Programming languages would have had some nicer symbols available if some of the above were done...

pwg13y ago

> Why did they make most the first 32 symbols useless codes instead of also symbols?

Why the first 32. Symmetry. Look at the table here: https://commons.wikimedia.org/wiki/File:ASCII_Code_Chart-Qui...

Four groups of 32, each group differing in only one bit position.

Why were the first 32 devoted to "control" codes? Because ASCII appeared in the days of mechanical paper teletype interfaces to computers and so there was a need for codes to control the teletype. Additionally the intent was to use other of the control codes for "control" (i.e., use of XON (control-q) and XOFF (control-s) for flow control).

> Why did they have to start the whole "newline vs carriage return" thing,

Because when you have a mechanical paper teletype printer as your interface to the computer, the teletype printer needs to be told to do two things:

1) return the print carriage to the left margin

2) roll the paper up one line

Having the ability to do both independently (for a paper printer) allows for simulating some otherwise impossible effects (i.e., bold face).

> Why is it 7-bit and not 8-bit?

To allow bit 8 to be used for a parity bit for data transmission purposes.

> Why is there no pilcrow, paragraph symbol, dagger and double dagger in it?

> Why no symbols for not equals, subset, intersection, union, (no) element of, AND, OR in it?

Likely because, after choosing to make a 7-bit code (to allow bit 8 to be parity), there is only so much room left in only 128 slots.

lanna13y ago

> Four groups of 32, each group differing in only one bit position.

That's impossible. If you have four groups, they have to differ in at least TWO bit positions.

rogerbinns13y ago

> .. allows for simulating some otherwise impossible effects (i.e., bold face).

A better example is underlining.

jbri13y ago

The first 32 ASCII code points are literally control codes, which are used to interface with computer hardware that makes use of ASCII - for example teletype machines.

To that extent, it's very much worthwhile to have a control code for a carriage return - setting the cursor to the start of the line without advancing to a new one. This lets you, for example, tell an electronic typewriter to double-strike a line for a boldface effect, or strikethrough a line of text.

And once you have that, you might as well have the control character that advances the output to the next line not move the cursor at all, since the operator can just send a carriage return if they do want to start at the beginning of the next line instead of where they left off on the previous one.

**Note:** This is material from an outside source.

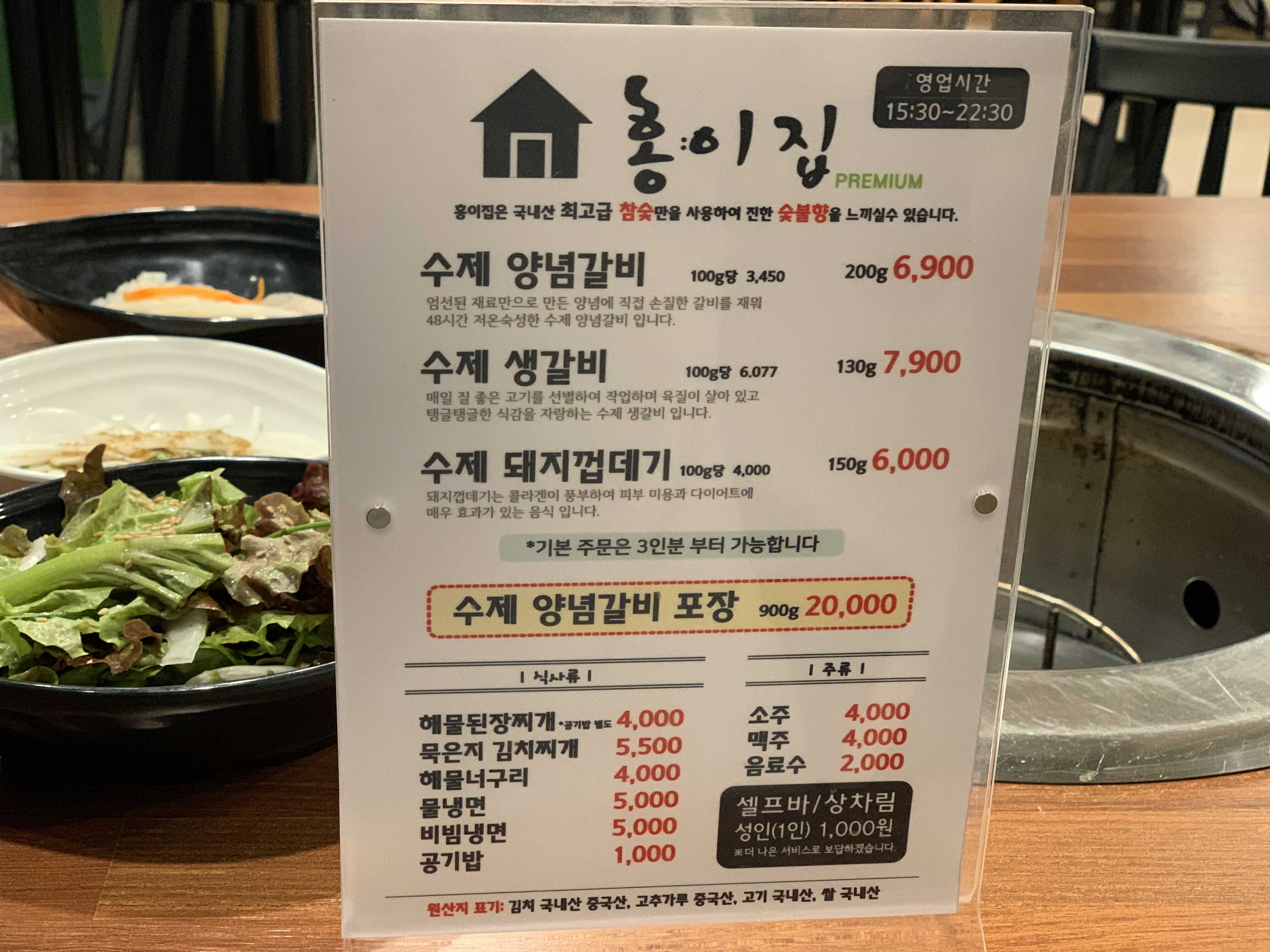 메뉴판입니다. 참숯을 사용하는데도 갈비 가격이 저렴해서 고기 원산지를 살펴봤더니 국내산 돼지고기를 사용하고 있었습니다.

With regards to bitness, computers weren't always strictly power-of-2 based (quick example: the PDP-8 was a 12-bit machine). While today, memory is cheap enough that "rounding up" 30 bits to 32, or 7 bits to 8, is definitely worth it in terms of how it simplifies your other logic, back when ASCII was developed that wasn't really the case.

enf13y ago

The ` and ' characters were in fact mirrored in the original ISO 646, where they were supposed to be used to overstrike accents onto other letters. The straight apostrophe comes from the ISO 8859-1 era.

There is no degree symbol because nobody ever proposed one during the standards process. Most of the punctuation came from what appeared on US typewriters at the time. Likewise pilcrow, paragraph, etc.

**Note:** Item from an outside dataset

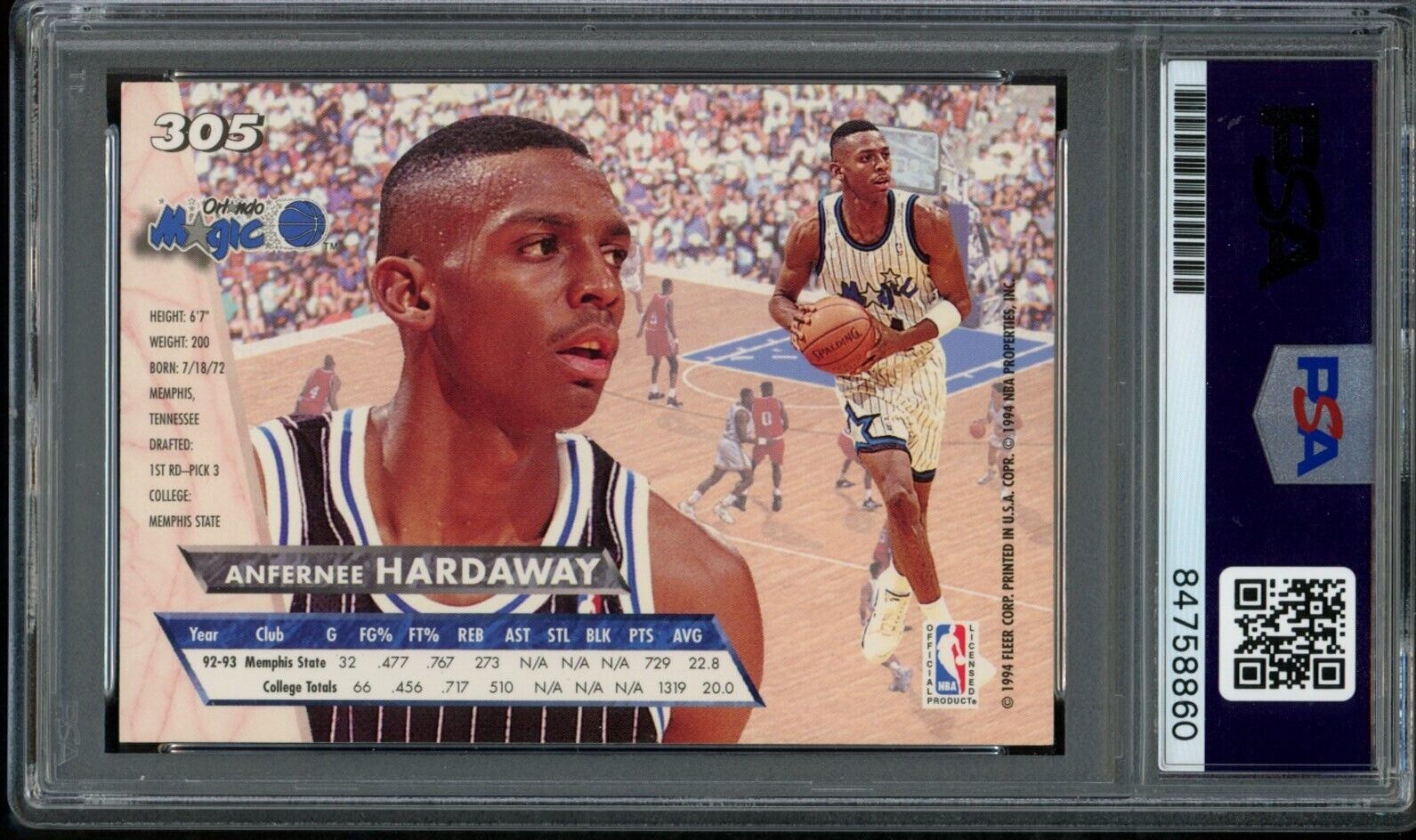 1993-94 Fleer Ultra Anfernee Hardaway #305 Rookie Card Signed Magic PSA/DNA

The first 32 characters are controls because one of the major proponents of the code was Teletype, a division of AT&T. Nobody understood what network protocols were going to turn out to look like and existing protocols were very heavy on in-band signaling. It was an attempt to eradicate the worst features of the Baudot code that was previously in use, where every character had multiple shift modes and multiple protocol interpretations.

The newline vs. carriage return thing is also an artifact of AT&T's involvement. Most US computing organizations didn't care about controls at all and wanted fixed-size records. European computing organizations wanted a single newline. The compromise in ASCII-1968 was that LF could be interpreted as CRLF if sender and receiver agreed, which became the Multics convention and thence into Unix and C.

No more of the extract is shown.